* _The problem_
Using the listing below, set down each line from the line containing "Derived from an" through the line containing "He takes a granny", both ends included, exactly and with nothing added.

* _Data shown_
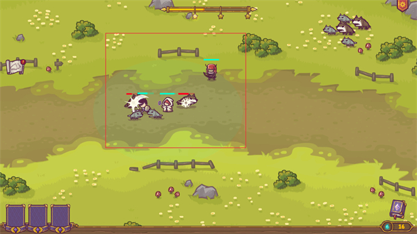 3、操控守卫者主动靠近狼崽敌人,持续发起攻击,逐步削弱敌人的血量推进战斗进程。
==
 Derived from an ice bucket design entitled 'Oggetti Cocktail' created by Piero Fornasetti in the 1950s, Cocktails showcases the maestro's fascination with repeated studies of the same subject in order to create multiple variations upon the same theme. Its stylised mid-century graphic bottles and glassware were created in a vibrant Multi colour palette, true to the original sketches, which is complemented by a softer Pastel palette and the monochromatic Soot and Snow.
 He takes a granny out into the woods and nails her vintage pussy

* _Result for this task_
 Derived from an ice bucket design entitled 'Oggetti Cocktail' created by Piero Fornasetti in the 1950s, Cocktails showcases the maestro's fascination with repeated studies of the same subject in order to create multiple variations upon the same theme. Its stylised mid-century graphic bottles and glassware were created in a vibrant Multi colour palette, true to the original sketches, which is complemented by a softer Pastel palette and the monochromatic Soot and Snow.
 He takes a granny out into the woods and nails her vintage pussy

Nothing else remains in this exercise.